Pictures aside, each record should be reproduced exactly.

★ ★ ★ ★

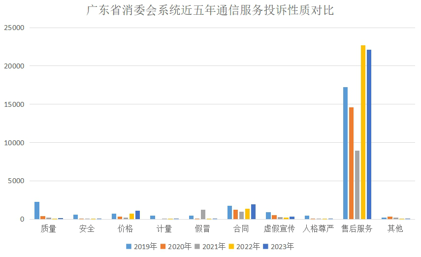 從投訴類(lèi)別來(lái)看,近5年通信服務(wù)投訴95%以上集中在移動(dòng)電話(huà)服務(wù),與當(dāng)前通信業(yè)發(fā)展現(xiàn)狀相符(2023年廣東固話(huà)、移動(dòng)電話(huà)用戶(hù)數(shù)比例約為1:10)。從投訴性質(zhì)來(lái)看,消費(fèi)者反映的問(wèn)題主要集中在售后服務(wù)、合同和價(jià)格3類(lèi),其中售后服務(wù)問(wèn)題最為集中,占投訴總量的80.19%,是通信服務(wù)類(lèi)投訴增長(zhǎng)變化的主要因素。從地區(qū)分布來(lái)看,通信服務(wù)投訴集中在消費(fèi)活躍的珠三角地區(qū),主要與經(jīng)濟(jì)發(fā)展?fàn)顩r、人員密集程度相關(guān)。
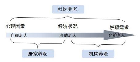 我國養老模式已從傳統的家庭養老發展成為以居家養老為主,社區養老與機構養老并行的多重模式。《老年人建筑設計規范》中將老年人根據健康狀況劃分為三種類型,1自理老人:生活行為完全自理,不依賴他人幫助的老年人。2介助老人:生活行為依賴扶手、拐杖、輪椅和升降設施幫助的老年人。3介護老人:生活行為依賴他人護理的老年人。三個階段實際上是每一位老人都需經歷的一個整體,我國老年人對養老設施的選擇是在社會制度、個人養老需求、經濟情況和心理因素等多個要素下綜合考慮的結果(圖1)。
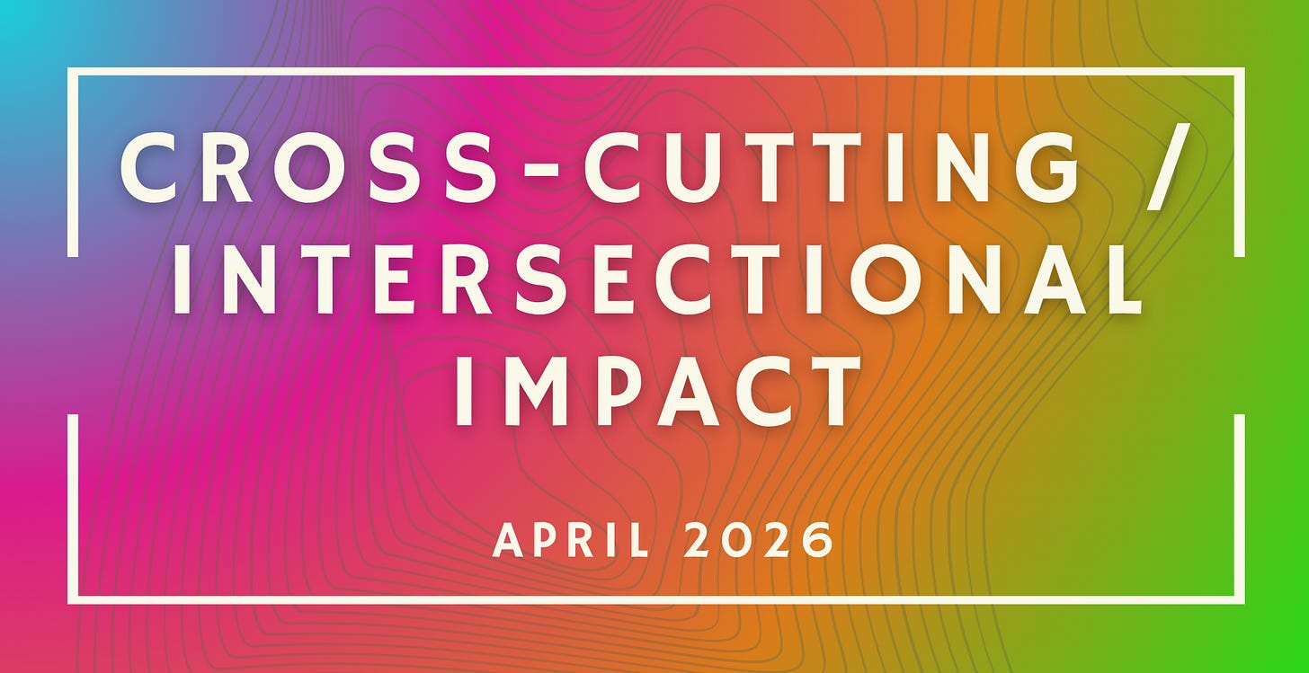 The April update for Cross-Cutting & Intersectional Impact is the broadest edition in this cycle — a catch-all section that this month tells a surprisingly coherent story about where flexible, systems-oriented funding is moving.
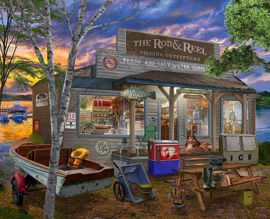 The Rod and Reel White Modern Wood Framed Art Print with Double Matting by Bigelow Illustrations- Exclusive
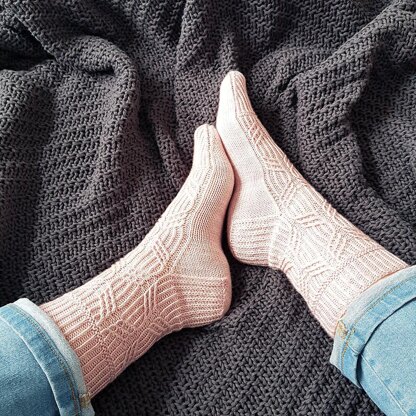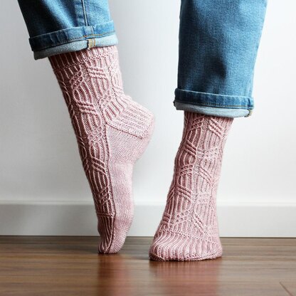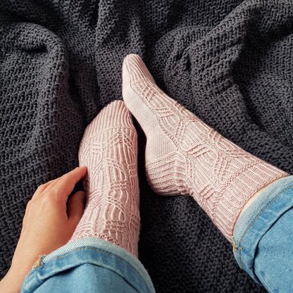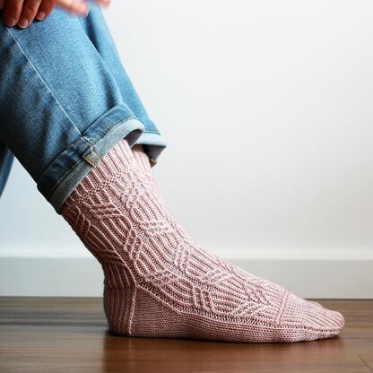 These beautiful socks feature a fascinating cable-twist-stitch motif, which decorates the leg and then gracefully runs down the top of the foot.
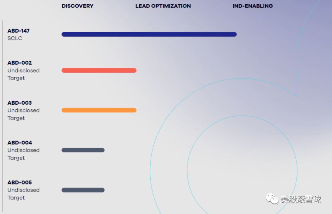 Abdera目前有5个在研管线,其中最为领先的是靶向δ样配体3(DLL3),这是Notch通路中的一种蛋白质,在小细胞肺癌(SCLC)和其他实体瘤中上调并特异表达,在非恶性细胞上很少表达。目前DLL3项目正在推进临床前研究,预计将于2024年递交IND申请。
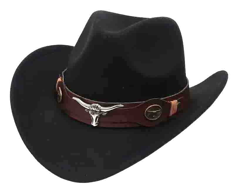 新品 ウエスタンハット バッファロー 飾りベルト 黒 1001 ブラック ブルトップ メンズ テンガロンハット カウボーイ 帽子 ロカビリー
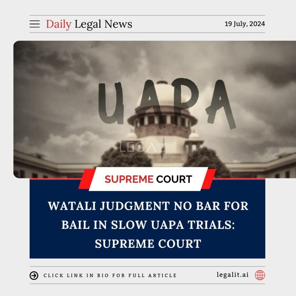 The Supreme Court of India has clarified that the stringent conditions set by the Watali judgment for granting bail under the Unlawful Activities (Prevention) Act (UAPA) do not prevent courts from granting bail if the trial is moving at a snail’s pace. The court emphasized that while the UAPA’s provisions are designed to address serious threats to national security, they should not result in indefinite detention without trial. The judiciary must ensure a balance between national security and the fundamental right to a speedy trial.
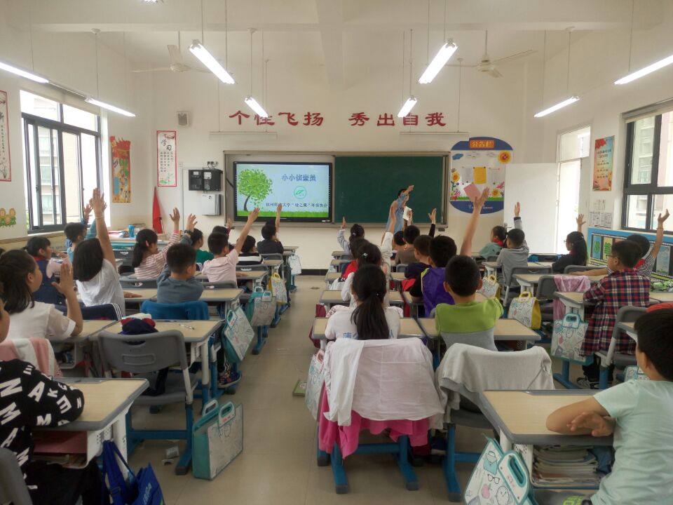 烈日炎炎,利用学生们中午的课间活动时间,"绿之翼"环保协会携手志愿者给学生们开展了一节生动的五水共治课程。讲师们向小朋友们介绍了五水共治的含义及内容。最初,讲师用动漫视频帮助学生了解五水共治的详细情况,接着用手指记忆法帮助学生更好地记住五水共治中的五水:从大拇指到小拇指分别代表了治污水、防洪水、排涝水、保供水、抓节水。当讲到五水共治项目治理措施时,讲师用简洁易懂的语言以及举例来帮助学生更好地理解其含义。这节课讲师除了向学生们介绍杭州的五水共治,还介绍了杭州一些周边城市的五水共治的措施及成果,加深了小朋友们对五水共治的了解,使得小朋友们更好地了解各地区五水共治的差别及意义。
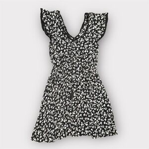 Angie Black / White Floral Flutter Sleeve V-Neck Tassel Tie Mini Sundress- Small

★ ★ ★ ★

Output for this exercise.
 從投訴類(lèi)別來(lái)看,近5年通信服務(wù)投訴95%以上集中在移動(dòng)電話(huà)服務(wù),與當(dāng)前通信業(yè)發(fā)展現(xiàn)狀相符(2023年廣東固話(huà)、移動(dòng)電話(huà)用戶(hù)數(shù)比例約為1:10)。從投訴性質(zhì)來(lái)看,消費(fèi)者反映的問(wèn)題主要集中在售后服務(wù)、合同和價(jià)格3類(lèi),其中售后服務(wù)問(wèn)題最為集中,占投訴總量的80.19%,是通信服務(wù)類(lèi)投訴增長(zhǎng)變化的主要因素。從地區(qū)分布來(lái)看,通信服務(wù)投訴集中在消費(fèi)活躍的珠三角地區(qū),主要與經(jīng)濟(jì)發(fā)展?fàn)顩r、人員密集程度相關(guān)。
 我國養老模式已從傳統的家庭養老發展成為以居家養老為主,社區養老與機構養老并行的多重模式。《老年人建筑設計規范》中將老年人根據健康狀況劃分為三種類型,1自理老人:生活行為完全自理,不依賴他人幫助的老年人。2介助老人:生活行為依賴扶手、拐杖、輪椅和升降設施幫助的老年人。3介護老人:生活行為依賴他人護理的老年人。三個階段實際上是每一位老人都需經歷的一個整體,我國老年人對養老設施的選擇是在社會制度、個人養老需求、經濟情況和心理因素等多個要素下綜合考慮的結果(圖1)。
 The April update for Cross-Cutting & Intersectional Impact is the broadest edition in this cycle — a catch-all section that this month tells a surprisingly coherent story about where flexible, systems-oriented funding is moving.
 The Rod and Reel White Modern Wood Framed Art Print with Double Matting by Bigelow Illustrations- Exclusive
 These beautiful socks feature a fascinating cable-twist-stitch motif, which decorates the leg and then gracefully runs down the top of the foot.
 Abdera目前有5个在研管线,其中最为领先的是靶向δ样配体3(DLL3),这是Notch通路中的一种蛋白质,在小细胞肺癌(SCLC)和其他实体瘤中上调并特异表达,在非恶性细胞上很少表达。目前DLL3项目正在推进临床前研究,预计将于2024年递交IND申请。
 新品 ウエスタンハット バッファロー 飾りベルト 黒 1001 ブラック ブルトップ メンズ テンガロンハット カウボーイ 帽子 ロカビリー
 The Supreme Court of India has clarified that the stringent conditions set by the Watali judgment for granting bail under the Unlawful Activities (Prevention) Act (UAPA) do not prevent courts from granting bail if the trial is moving at a snail’s pace. The court emphasized that while the UAPA’s provisions are designed to address serious threats to national security, they should not result in indefinite detention without trial. The judiciary must ensure a balance between national security and the fundamental right to a speedy trial.
 烈日炎炎,利用学生们中午的课间活动时间,"绿之翼"环保协会携手志愿者给学生们开展了一节生动的五水共治课程。讲师们向小朋友们介绍了五水共治的含义及内容。最初,讲师用动漫视频帮助学生了解五水共治的详细情况,接着用手指记忆法帮助学生更好地记住五水共治中的五水:从大拇指到小拇指分别代表了治污水、防洪水、排涝水、保供水、抓节水。当讲到五水共治项目治理措施时,讲师用简洁易懂的语言以及举例来帮助学生更好地理解其含义。这节课讲师除了向学生们介绍杭州的五水共治,还介绍了杭州一些周边城市的五水共治的措施及成果,加深了小朋友们对五水共治的了解,使得小朋友们更好地了解各地区五水共治的差别及意义。
 Angie Black / White Floral Flutter Sleeve V-Neck Tassel Tie Mini Sundress- Small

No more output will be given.